◆ **Try it**
Without the pictures, write the listing out again exactly as it appears.

◆ **Data segment**
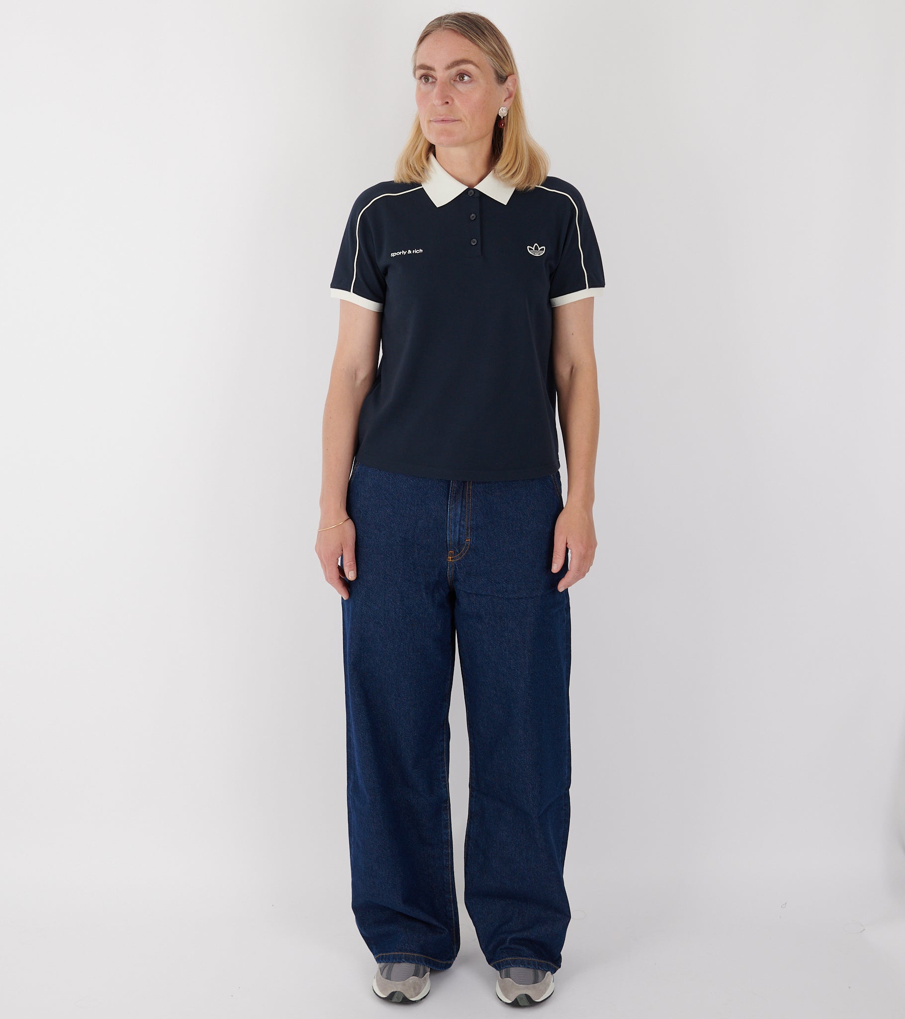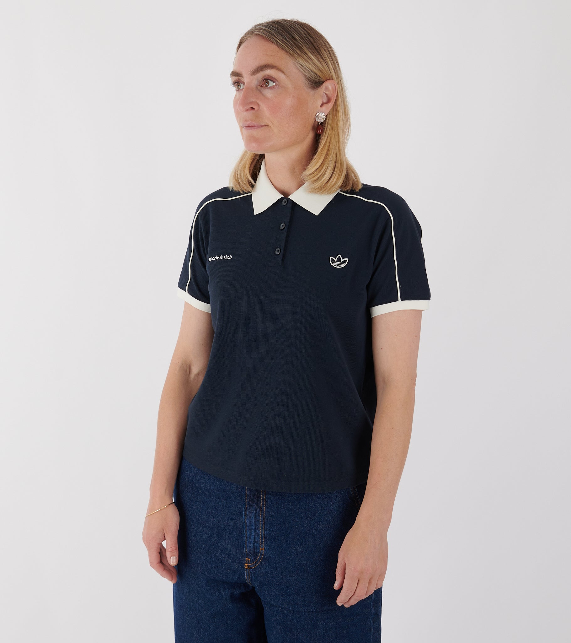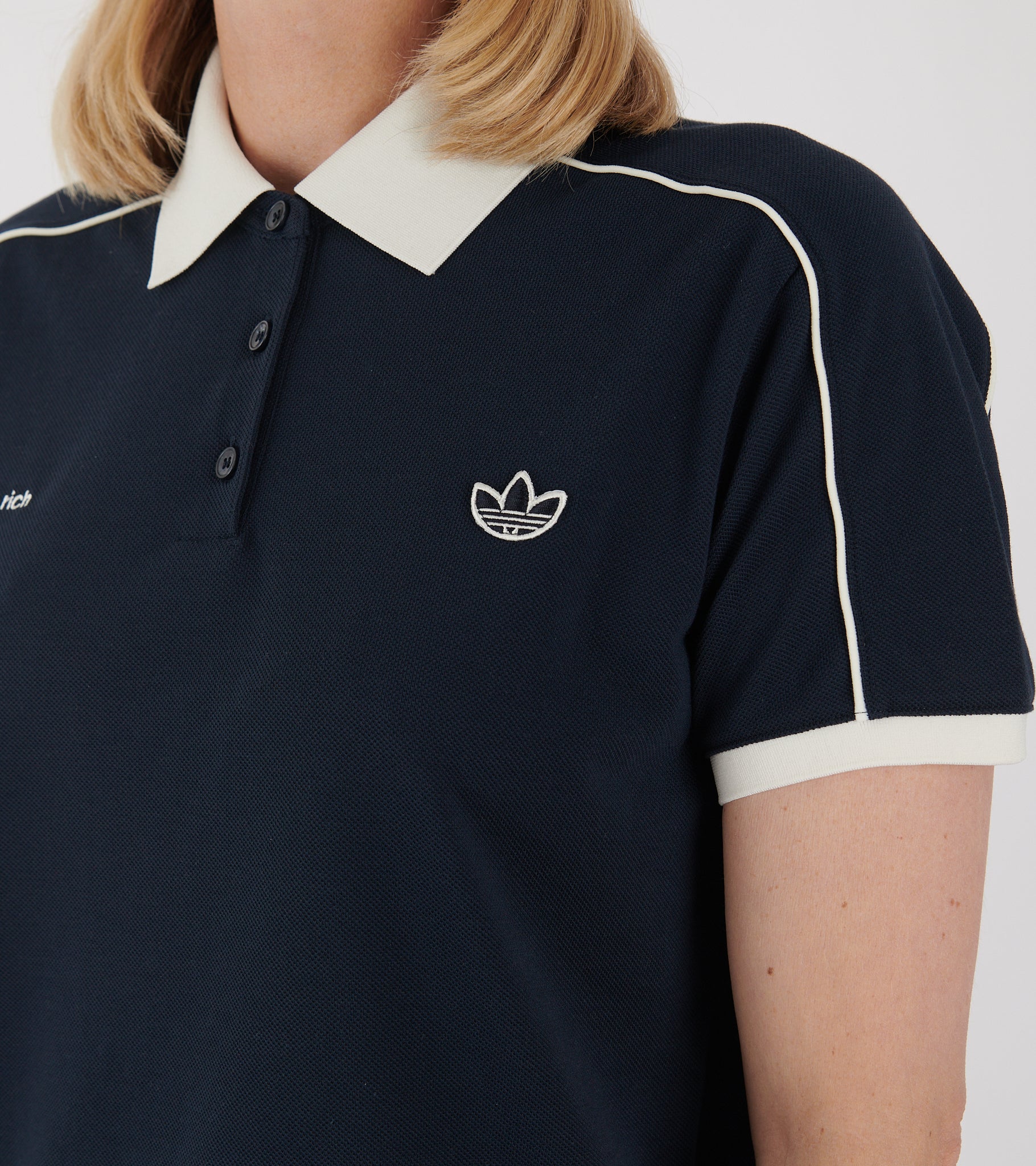 Navy kortærmet polo fra Adidas i samarbejde med Sporty & Rich. Poloen er fremstillet i en bomuldspiqué-kvalitet og har en hvid polokrave, en knaplukning, hvide kontrast striber og to broderede logoer på fronten.
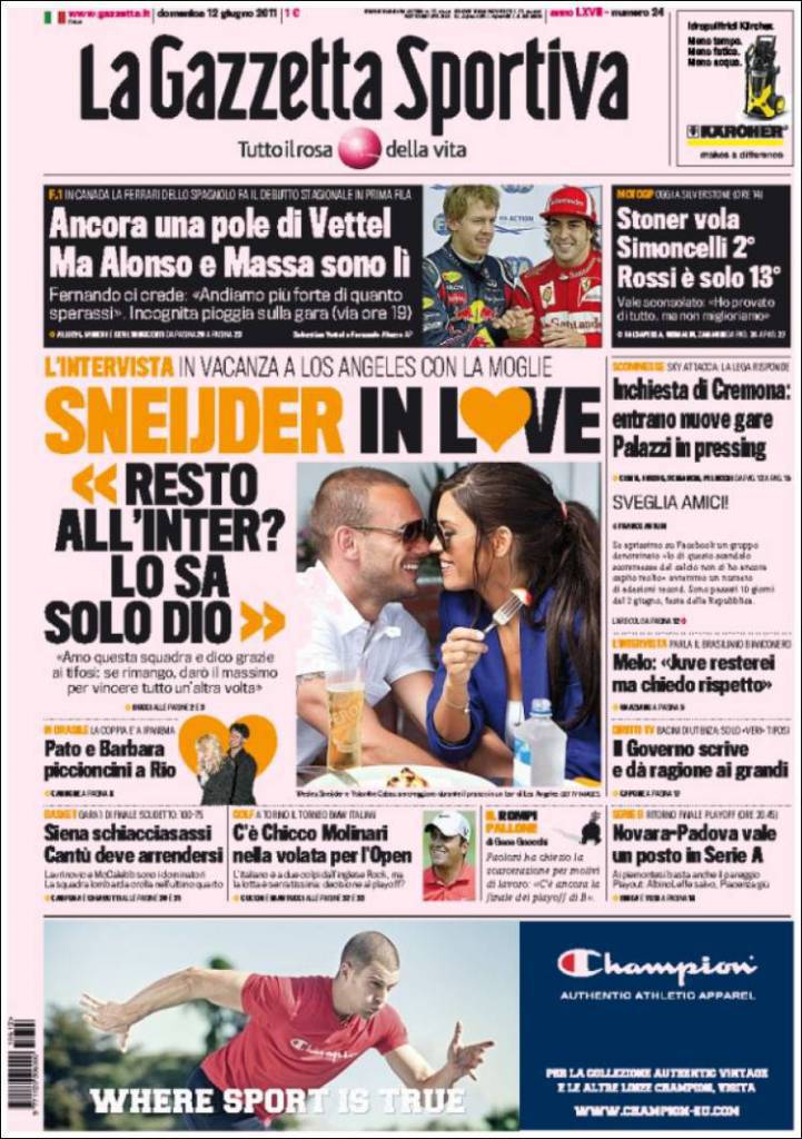 GAZZETTA DELLO SPORT SNEIJDER INTER – La Gazzetta dello Sport apre l’edizione odierna con un’intervista al trequartista dell’Inter Wesley Sneijder attualmente in vacanza a Los Angeles con la moglie. Il giocatore nerazzurro lancia ombre sul proprio futuro dichiarando: “Resto all’Inter? Lo sa solo Dio.”.
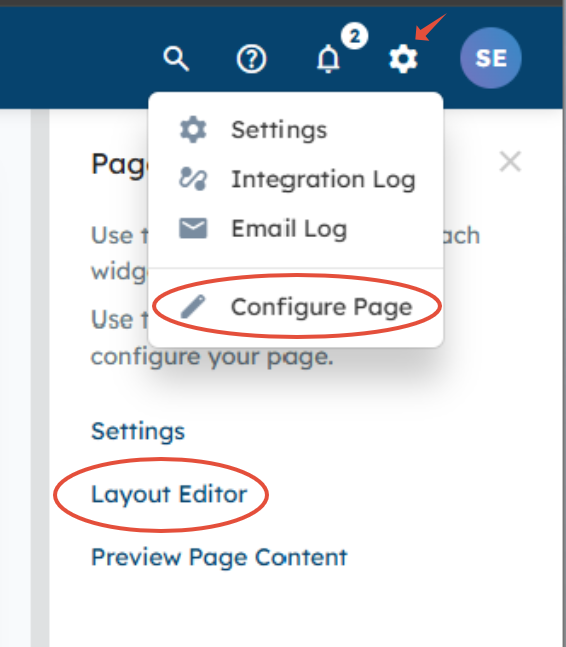 Once you've configured the page Settings, you can begin adding content and configuring the page's layout using the Layout Editor. To access the Layout Editor, click the gear icon in the top right > Configure Page > Layout Editor.
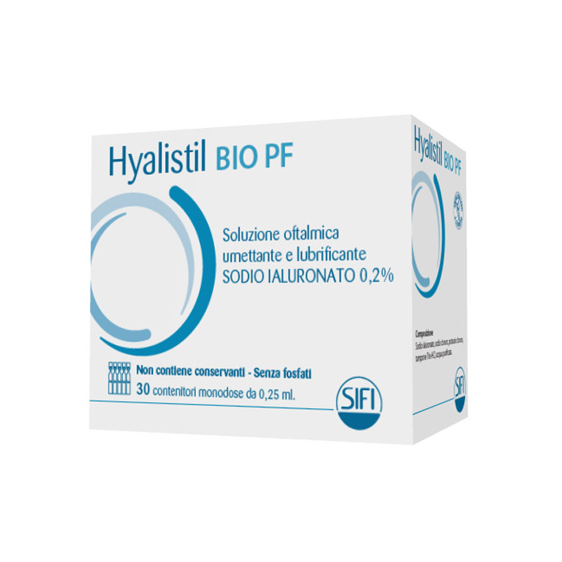 Avvertenze Per esclusivo uso topico oculare. Tenere fuori dalla portata dei bambini. Non utilizzare Hyalistil BIO PF se il contenitore è aperto o danneggiato. Non toccare l’estremità del contenitore aperto e non metterla a diretto contatto con l’occhio. Ciascun contenitore monodose va usato solo immediatamente dopo l’apertura. L’eventuale residuo non deve essere riutilizzato, poiché Hyalistil BIO PF non contiene conservanti e il prodotto rimanente potrebbe contaminarsi esponendo al rischio di infezioni oculari. Non utilizzare Hyalistil BIO PF dopo la data di scadenza. Non disperdere il prodotto nell’ambiente dopo l’uso. La somministrazione di Hyalistil BIO PF a bambini o persone con abilità limitata deve essere effettuata da parte di un adulto responsabile. Non sono note interazioni del prodotto con la somministrazione di farmaci per uso oftalmico. Tuttavia, si consiglia di non somministrare altri farmaci o dispositivi medici per uso oftalmico nei 10 minuti successivi alla somministrazione di Hyalistil BIO PF. Non è necessario rimuovere le lenti a contatto prima della somministrazione di Hyalistil BIO PF poiché il prodotto non altera le caratteristiche fisiche, inclusa la trasparenza, delle più diffuse lenti a contatto morbide e rigide. L’uso del prodotto può causare occasionalmente intolleranza (lieve bruciore o irritazione).

◆ **Answer box**
 Navy kortærmet polo fra Adidas i samarbejde med Sporty & Rich. Poloen er fremstillet i en bomuldspiqué-kvalitet og har en hvid polokrave, en knaplukning, hvide kontrast striber og to broderede logoer på fronten.
 GAZZETTA DELLO SPORT SNEIJDER INTER – La Gazzetta dello Sport apre l’edizione odierna con un’intervista al trequartista dell’Inter Wesley Sneijder attualmente in vacanza a Los Angeles con la moglie. Il giocatore nerazzurro lancia ombre sul proprio futuro dichiarando: “Resto all’Inter? Lo sa solo Dio.”.
 Once you've configured the page Settings, you can begin adding content and configuring the page's layout using the Layout Editor. To access the Layout Editor, click the gear icon in the top right > Configure Page > Layout Editor.
 Avvertenze Per esclusivo uso topico oculare. Tenere fuori dalla portata dei bambini. Non utilizzare Hyalistil BIO PF se il contenitore è aperto o danneggiato. Non toccare l’estremità del contenitore aperto e non metterla a diretto contatto con l’occhio. Ciascun contenitore monodose va usato solo immediatamente dopo l’apertura. L’eventuale residuo non deve essere riutilizzato, poiché Hyalistil BIO PF non contiene conservanti e il prodotto rimanente potrebbe contaminarsi esponendo al rischio di infezioni oculari. Non utilizzare Hyalistil BIO PF dopo la data di scadenza. Non disperdere il prodotto nell’ambiente dopo l’uso. La somministrazione di Hyalistil BIO PF a bambini o persone con abilità limitata deve essere effettuata da parte di un adulto responsabile. Non sono note interazioni del prodotto con la somministrazione di farmaci per uso oftalmico. Tuttavia, si consiglia di non somministrare altri farmaci o dispositivi medici per uso oftalmico nei 10 minuti successivi alla somministrazione di Hyalistil BIO PF. Non è necessario rimuovere le lenti a contatto prima della somministrazione di Hyalistil BIO PF poiché il prodotto non altera le caratteristiche fisiche, inclusa la trasparenza, delle più diffuse lenti a contatto morbide e rigide. L’uso del prodotto può causare occasionalmente intolleranza (lieve bruciore o irritazione).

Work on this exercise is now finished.